To install the library, use below command
$ pip install redshift_tool

Note

During the installation of the package please verify that all the required dependencies installed successfully, if not try to install them one by one manually.

3.Usages-Guidelines

Uses Commands
>>> import redshift_tool
>>>  redshift_tool.query(data,method,redshift_auth=None,s3_auth=None,schema=None,table=None,
                         primarykey=None,sortkey=None,distkey=None,upsertkey=None)

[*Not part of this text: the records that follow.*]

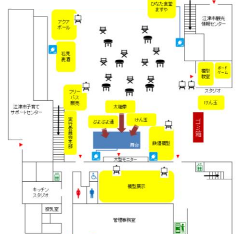
参考：第1回目レイアウト

ホビー祭りパスの収益金は、ごうつホビー祭りの運営費（施設利用料・広報料・備品料等）にすべて充てられます。余剰金が発生した場合は、全て翌年のホビー祭り運営費に回します
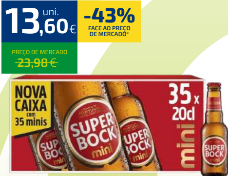
CERVEJA SUPER BOCK MINI 35x20cl T.P. (0,39€/UN)
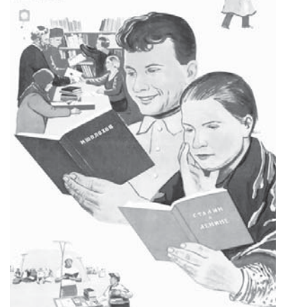
Книга – наш верный помощник в поисках истинного пути и культурно-здорового колоритной жизни.

ХОРОШУЮ БИБЛИОТЕКУ – НАЙДЕМУ СОВЕТСКОМУ СЕЛУ!
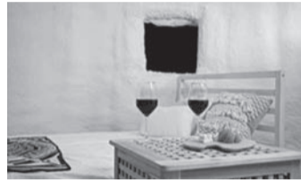
インスタントハウス室内
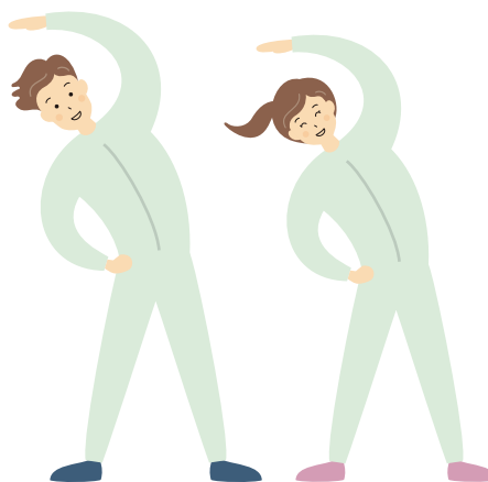
⑤毎日、健康活動の時間をもうけています

健康経営優良法人認定制度とは…特に優良な健康経営を実践している大企業や中小企業等の法人を「見える化」することで、従業員や求職者、関係企業や金融機関などから社会的な評価を受けることができる環境を整備することを目的に、日本健康会議が認定する顕彰制度です。 本制度では、大規模の企業等を対象とした「大規模法人部門」と、中小規模の企業等を対象とした「中小規模法人部門」の2つの部門を設けています。
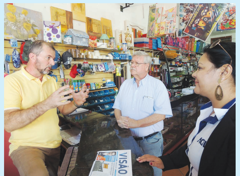
A Associação também se mantém próxima ao empresário, ouvindo suas reivindicações, sugestões e críticas
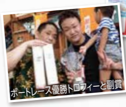
ボートレース優勝トロフィーと副賞

a). data:- It will take any pandas Data frame.

>>> data= df
b). method: There are two methods of writing pandas data frame as defined above either by ‘append’ or ‘upsert’.
>>> method='append/upsert'
c). redshift_auth:- To write the data into redshift, it is required to establish the redshift connection. It is the connection’s credential parameter.
>>> redshift_auth= {'db':'database_name','port':port,'user':'user','pswd':'password','host':'host'}
d). s3_auth:- AWS S3 is used to enhance the performance of the copy operation. It is used to pass the AWS S3 credentials as well S3 bucket name. S3 Bucket is a place where you can put your files temporary for coping into redshift tables.
>>> s3_auth = {'accesskey':'aws_access_key','secretkey':'aws_secret_key','bucket':'s3_bucket_name'}
e). schema:- If there is any schema name associated with your database in which table will be created.
>>> schema='Schema_name'
f). table:- Target table name to write pandas.
  1. If target table is already exist, function will be used to copy/usert data into exiting table.
  2. A user can proceed with two steps in case of target table is not exist.

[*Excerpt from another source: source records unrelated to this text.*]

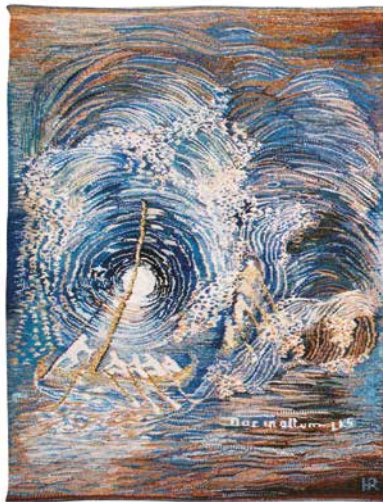
Evez a mélyre
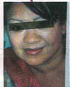
La Kena Mamá, cobradora.
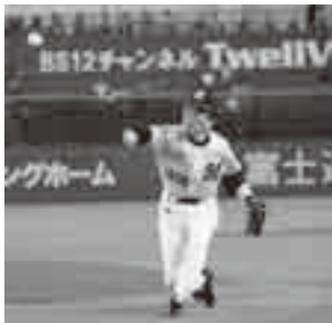
始球式で自慢の速球を披露
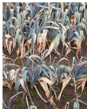
Photo 8: Le froid et le mildiou ( Phytophthora porri ) peuvent entraîner le dépérissement du feuillage des poireaux hivernés.
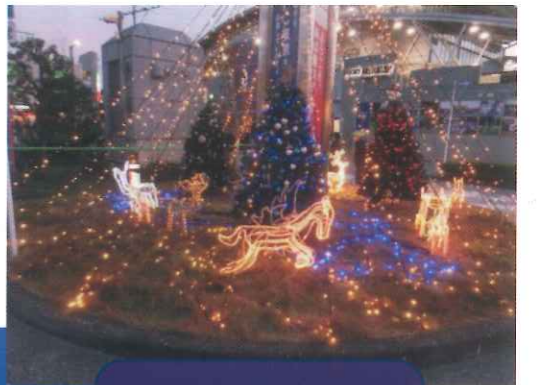
新しいモニュメントを追加しました

2.1. Use SQL Create staatement to create taget table manualy.

2.2. This libaray can also create target table on the basis of input pandas dataframe columns and datatypes so before using the command make sure all the column names and datatypes of pandas dataframe set properly.

>>> table='table_name'
g). primarykey:- A primary key is a special relational database table column (or combination of columns) designated to uniquely identify all table records.

While creating the table by default, if it is required to define any column as primary key, then pass the column name in a tuple in this parameter.

>>> primarykey=('Primary_Key') or
>>> primarykey=('Primary_Key1','Primary_Key2')
h). sortkey:- A sortkey is a field or column that is used to sort the data. It can be a single key as well as multiple keys.

While creating the table by default, if we need to define any column as a sort key, then pass the column name in a tuple in this parameter.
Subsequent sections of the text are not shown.